*TASK INPUT*.
[Start of Attachment]
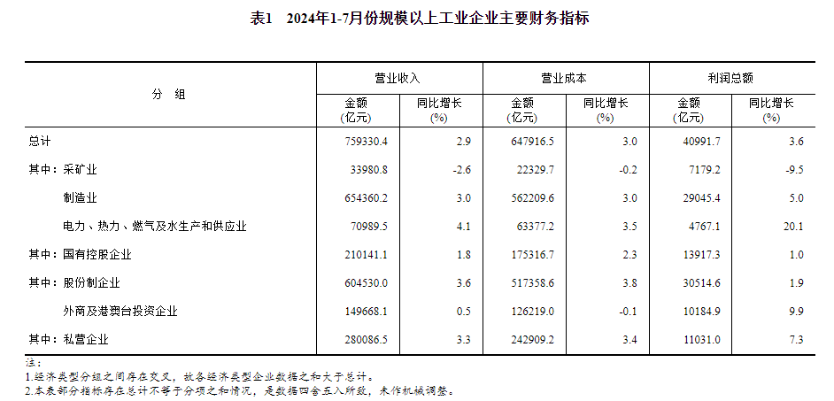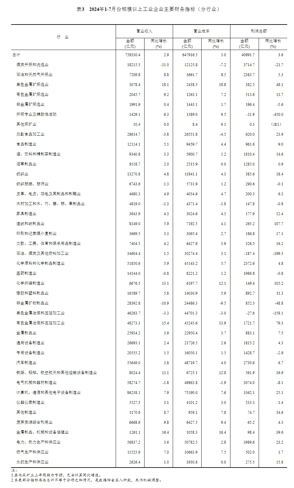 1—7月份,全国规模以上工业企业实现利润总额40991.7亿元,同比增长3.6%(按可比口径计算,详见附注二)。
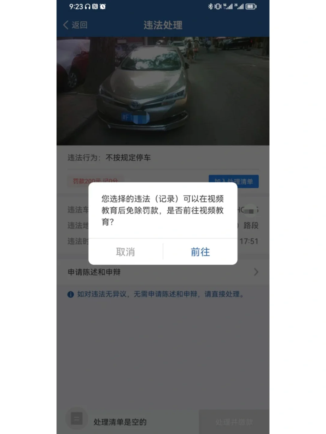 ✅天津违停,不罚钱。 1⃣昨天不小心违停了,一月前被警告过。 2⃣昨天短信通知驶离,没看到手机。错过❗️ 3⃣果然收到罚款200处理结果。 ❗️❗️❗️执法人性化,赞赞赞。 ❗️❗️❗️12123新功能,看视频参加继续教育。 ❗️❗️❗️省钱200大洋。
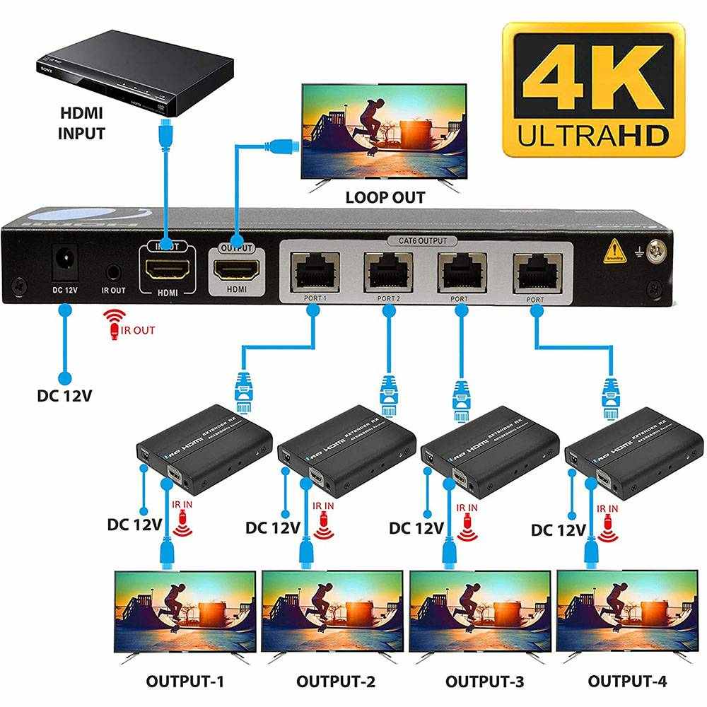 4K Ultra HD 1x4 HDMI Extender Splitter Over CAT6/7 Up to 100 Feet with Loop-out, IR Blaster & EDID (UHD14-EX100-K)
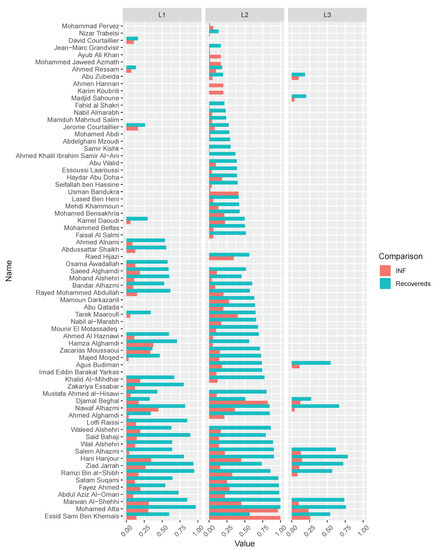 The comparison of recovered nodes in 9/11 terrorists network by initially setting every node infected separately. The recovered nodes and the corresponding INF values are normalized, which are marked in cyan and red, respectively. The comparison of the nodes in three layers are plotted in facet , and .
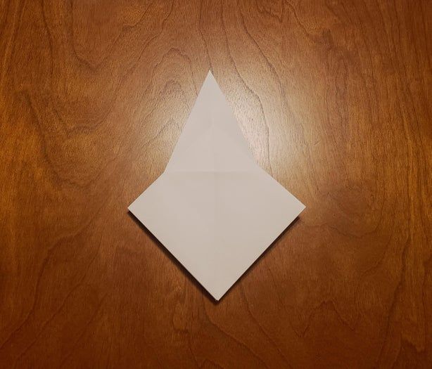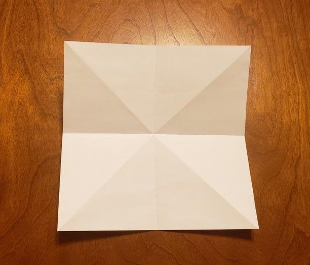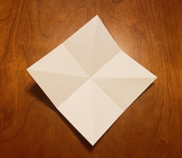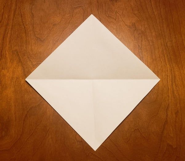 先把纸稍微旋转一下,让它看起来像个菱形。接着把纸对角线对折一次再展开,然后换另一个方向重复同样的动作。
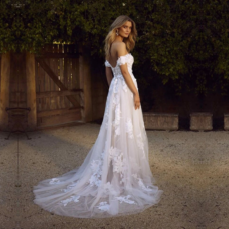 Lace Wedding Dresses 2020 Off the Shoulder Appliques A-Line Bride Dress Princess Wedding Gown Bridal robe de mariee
[End of Attachment]
*AIM OF THE EXERCISE*.
Please reproduce verbatim the lines from the line with "先把纸稍微旋转一下,让它看起" through the final line of the listing, inclusive of both ends. Omit all pictures.

*FINISHED TASK*.
 先把纸稍微旋转一下,让它看起来像个菱形。接着把纸对角线对折一次再展开,然后换另一个方向重复同样的动作。
 Lace Wedding Dresses 2020 Off the Shoulder Appliques A-Line Bride Dress Princess Wedding Gown Bridal robe de mariee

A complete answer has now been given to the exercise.